Jean Cocteau - Buy or sell works
5 July 1889, Maisons-Laffitte (France) - 11 October 1963, Milly-la-Forêt (France)
Jean Couteau was one of the most important multidisciplinary artists from the first half of the 20th century. During his lifetime his creative work ranged from literature, film, drawing, painting, frescos, tapestries, ceramics, photography, theatre, opera and ballet. His catalogue of works has earned him a secure place in the collective consciousness of artists and critics even today.
As one of the key figures in late Parisian salon culture, and one of the most vocal presences in the era’s newly emerging media, Cocteau’s friends, confidants and collaborators included a remarkable variety of prestigious names from various artistic movements. Some notable figures include Coco Chanel, Édith Piaf, Francis Picabia, Pablo Picasso, Marcel Proust, Gertrude Stein and Igor Stravinsky.
As a teenager, Cocteau had already been introduced to Parisian literary circles. He published his first anthology of poems, La Lampe d’Aladin, at the age of 19 and both his poetry and drawings were printed in magazines. It was at this time that he made the acquaintance of several of his long-term supporters and collaborators, such as Diaghilev and Proust.
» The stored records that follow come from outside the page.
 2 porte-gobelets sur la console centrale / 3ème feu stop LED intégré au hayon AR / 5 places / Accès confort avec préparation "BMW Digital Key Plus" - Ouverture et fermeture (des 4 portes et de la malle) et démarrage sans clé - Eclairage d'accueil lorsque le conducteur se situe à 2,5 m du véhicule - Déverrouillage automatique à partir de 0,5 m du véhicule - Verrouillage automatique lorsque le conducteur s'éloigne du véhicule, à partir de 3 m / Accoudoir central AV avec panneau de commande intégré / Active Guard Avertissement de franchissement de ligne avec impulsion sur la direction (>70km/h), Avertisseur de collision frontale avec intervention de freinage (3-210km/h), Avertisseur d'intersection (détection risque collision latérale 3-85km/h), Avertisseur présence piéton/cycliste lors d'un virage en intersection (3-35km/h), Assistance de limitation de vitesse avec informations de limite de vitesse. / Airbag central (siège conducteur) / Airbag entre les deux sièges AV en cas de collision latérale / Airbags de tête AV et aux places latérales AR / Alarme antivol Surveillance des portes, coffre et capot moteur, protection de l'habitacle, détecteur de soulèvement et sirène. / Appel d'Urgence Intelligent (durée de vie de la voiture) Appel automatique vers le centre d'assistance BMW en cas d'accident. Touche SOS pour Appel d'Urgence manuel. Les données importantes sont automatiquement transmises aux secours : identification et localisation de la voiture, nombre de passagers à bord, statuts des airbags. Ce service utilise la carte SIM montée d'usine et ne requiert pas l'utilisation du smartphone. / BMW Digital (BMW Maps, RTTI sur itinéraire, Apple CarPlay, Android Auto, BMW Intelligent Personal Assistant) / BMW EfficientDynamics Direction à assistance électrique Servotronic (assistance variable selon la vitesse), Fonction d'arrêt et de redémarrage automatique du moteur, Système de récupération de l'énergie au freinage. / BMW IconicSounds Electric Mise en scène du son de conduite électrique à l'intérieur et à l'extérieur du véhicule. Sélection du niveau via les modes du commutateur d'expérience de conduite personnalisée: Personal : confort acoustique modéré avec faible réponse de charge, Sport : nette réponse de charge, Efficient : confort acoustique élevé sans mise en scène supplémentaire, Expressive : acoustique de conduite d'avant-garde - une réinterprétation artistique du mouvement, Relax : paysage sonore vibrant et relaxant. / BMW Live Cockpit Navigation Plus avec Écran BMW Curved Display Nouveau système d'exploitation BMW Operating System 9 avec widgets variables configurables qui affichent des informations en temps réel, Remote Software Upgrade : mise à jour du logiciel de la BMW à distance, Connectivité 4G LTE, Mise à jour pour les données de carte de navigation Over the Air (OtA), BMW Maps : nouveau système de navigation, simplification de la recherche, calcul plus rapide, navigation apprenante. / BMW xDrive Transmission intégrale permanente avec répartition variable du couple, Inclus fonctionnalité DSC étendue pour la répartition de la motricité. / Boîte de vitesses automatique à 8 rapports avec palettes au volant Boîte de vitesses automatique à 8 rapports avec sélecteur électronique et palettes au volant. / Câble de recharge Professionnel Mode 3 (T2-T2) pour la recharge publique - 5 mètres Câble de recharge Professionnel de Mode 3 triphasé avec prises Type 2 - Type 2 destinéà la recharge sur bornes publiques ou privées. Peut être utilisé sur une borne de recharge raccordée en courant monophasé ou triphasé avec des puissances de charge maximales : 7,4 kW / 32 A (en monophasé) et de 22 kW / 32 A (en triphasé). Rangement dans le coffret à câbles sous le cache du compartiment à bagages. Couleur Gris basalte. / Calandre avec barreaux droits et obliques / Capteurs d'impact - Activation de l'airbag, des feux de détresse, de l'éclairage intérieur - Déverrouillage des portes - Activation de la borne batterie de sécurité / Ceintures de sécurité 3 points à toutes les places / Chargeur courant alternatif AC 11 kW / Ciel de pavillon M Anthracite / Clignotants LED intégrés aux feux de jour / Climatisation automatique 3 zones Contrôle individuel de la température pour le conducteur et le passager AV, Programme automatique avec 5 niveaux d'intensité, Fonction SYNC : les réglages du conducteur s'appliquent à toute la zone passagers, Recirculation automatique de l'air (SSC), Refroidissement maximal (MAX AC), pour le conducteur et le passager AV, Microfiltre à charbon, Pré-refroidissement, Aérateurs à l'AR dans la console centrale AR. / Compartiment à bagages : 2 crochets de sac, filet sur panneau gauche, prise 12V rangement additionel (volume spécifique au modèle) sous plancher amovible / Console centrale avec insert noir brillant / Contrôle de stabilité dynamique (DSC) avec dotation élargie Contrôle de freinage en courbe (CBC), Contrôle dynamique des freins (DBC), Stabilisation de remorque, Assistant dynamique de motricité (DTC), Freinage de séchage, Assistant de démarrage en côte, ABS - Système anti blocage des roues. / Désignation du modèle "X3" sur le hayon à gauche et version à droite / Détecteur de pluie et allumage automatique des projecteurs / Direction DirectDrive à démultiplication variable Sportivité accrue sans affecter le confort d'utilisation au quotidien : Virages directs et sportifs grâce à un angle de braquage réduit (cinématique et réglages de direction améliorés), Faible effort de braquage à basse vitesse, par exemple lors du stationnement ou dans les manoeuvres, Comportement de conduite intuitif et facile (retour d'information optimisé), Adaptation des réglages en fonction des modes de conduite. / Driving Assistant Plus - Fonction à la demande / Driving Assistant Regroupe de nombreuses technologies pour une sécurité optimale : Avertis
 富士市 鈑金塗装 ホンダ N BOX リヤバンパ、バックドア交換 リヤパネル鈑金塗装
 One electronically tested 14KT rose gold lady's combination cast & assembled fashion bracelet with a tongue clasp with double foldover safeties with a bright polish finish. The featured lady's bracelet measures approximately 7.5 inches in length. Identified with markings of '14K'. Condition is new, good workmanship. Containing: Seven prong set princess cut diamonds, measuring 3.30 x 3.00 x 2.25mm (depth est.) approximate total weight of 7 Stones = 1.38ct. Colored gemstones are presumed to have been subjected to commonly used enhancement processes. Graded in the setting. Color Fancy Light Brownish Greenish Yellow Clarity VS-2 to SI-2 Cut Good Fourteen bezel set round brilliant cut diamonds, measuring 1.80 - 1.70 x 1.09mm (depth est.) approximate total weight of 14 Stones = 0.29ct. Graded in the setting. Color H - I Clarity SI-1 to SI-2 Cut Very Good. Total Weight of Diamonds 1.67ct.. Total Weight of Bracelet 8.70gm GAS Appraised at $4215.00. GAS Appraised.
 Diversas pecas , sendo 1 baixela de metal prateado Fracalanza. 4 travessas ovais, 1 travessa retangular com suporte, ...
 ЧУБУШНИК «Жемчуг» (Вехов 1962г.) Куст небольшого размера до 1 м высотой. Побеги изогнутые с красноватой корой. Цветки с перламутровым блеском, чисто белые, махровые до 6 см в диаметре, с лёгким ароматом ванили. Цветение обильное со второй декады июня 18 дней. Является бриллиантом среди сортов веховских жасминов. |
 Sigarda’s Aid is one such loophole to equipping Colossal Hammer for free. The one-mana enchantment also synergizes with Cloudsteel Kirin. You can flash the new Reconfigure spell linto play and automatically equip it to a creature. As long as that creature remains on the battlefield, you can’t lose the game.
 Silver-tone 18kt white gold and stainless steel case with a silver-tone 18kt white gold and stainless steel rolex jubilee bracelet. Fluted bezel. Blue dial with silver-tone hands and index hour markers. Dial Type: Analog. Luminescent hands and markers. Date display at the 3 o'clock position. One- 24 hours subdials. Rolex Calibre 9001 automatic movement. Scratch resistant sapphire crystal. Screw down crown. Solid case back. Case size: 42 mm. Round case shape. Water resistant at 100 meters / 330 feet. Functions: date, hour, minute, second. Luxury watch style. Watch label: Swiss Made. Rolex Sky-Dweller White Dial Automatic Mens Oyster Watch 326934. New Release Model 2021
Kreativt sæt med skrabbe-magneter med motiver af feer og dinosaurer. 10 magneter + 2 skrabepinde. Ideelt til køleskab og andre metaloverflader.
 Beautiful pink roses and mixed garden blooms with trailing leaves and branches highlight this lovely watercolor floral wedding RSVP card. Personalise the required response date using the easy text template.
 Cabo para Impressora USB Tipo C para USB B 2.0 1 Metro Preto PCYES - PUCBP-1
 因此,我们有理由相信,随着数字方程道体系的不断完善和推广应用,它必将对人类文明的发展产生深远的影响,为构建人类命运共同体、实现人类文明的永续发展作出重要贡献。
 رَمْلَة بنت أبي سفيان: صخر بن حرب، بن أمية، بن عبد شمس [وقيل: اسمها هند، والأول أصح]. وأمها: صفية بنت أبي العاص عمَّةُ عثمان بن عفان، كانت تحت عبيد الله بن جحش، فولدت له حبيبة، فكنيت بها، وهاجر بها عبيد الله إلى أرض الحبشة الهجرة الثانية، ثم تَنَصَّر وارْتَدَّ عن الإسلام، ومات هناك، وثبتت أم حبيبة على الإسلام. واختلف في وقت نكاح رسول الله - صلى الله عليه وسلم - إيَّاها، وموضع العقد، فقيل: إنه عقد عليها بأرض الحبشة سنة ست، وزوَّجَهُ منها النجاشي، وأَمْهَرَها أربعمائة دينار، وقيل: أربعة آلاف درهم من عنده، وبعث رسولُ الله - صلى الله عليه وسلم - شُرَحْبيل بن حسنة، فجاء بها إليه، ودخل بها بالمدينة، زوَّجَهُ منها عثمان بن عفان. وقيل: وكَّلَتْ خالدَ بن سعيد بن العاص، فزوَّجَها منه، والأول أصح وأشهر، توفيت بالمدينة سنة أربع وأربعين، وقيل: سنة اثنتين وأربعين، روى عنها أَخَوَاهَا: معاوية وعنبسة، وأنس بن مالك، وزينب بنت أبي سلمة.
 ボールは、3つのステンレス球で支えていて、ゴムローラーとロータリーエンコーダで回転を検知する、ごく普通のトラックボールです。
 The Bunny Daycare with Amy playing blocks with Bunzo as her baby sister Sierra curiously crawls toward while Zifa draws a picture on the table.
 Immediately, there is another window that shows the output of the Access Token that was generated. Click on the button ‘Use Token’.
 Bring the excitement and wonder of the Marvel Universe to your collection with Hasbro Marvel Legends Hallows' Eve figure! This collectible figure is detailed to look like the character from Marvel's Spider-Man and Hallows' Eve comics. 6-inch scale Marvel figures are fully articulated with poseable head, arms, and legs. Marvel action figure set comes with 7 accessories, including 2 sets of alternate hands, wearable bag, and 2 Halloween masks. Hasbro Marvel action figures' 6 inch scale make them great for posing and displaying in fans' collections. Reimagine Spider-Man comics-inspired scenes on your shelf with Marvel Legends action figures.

In the years leading up to 1915 he met other significant figures such as Stravinsky, Satie and Picasso, with whom he initiated projects that would have a decisive influence on the artistic climate of the early 20th century.
As the 1920s began, Cocteau found himself rubbing shoulders not only with jazz musicians but also with the Dadaists, and thus a series of his written productions came into fruition. For example in 1927 Oedipus Rex, with music by Stravinsky, received its first performance.
During the fifties and up to his death in 1963, Cocteau entered a period in which, he became more intensively involved with figurative art. His drawings, paintings, watercolours, tapestries and photographs were exhibited at several international exhibitions. He also designed interiors such the Chappelle Saint-Pierre or Notre Dame de France in London.
The honours he was awarded during these years include: Commandeur de la Légion d’honneur; Jury President of the Cannes Film Festival; Doctor honoris causa at Oxford University; and member of the Académie Française.
He died in 1963 in Milly-la-Forêt, France.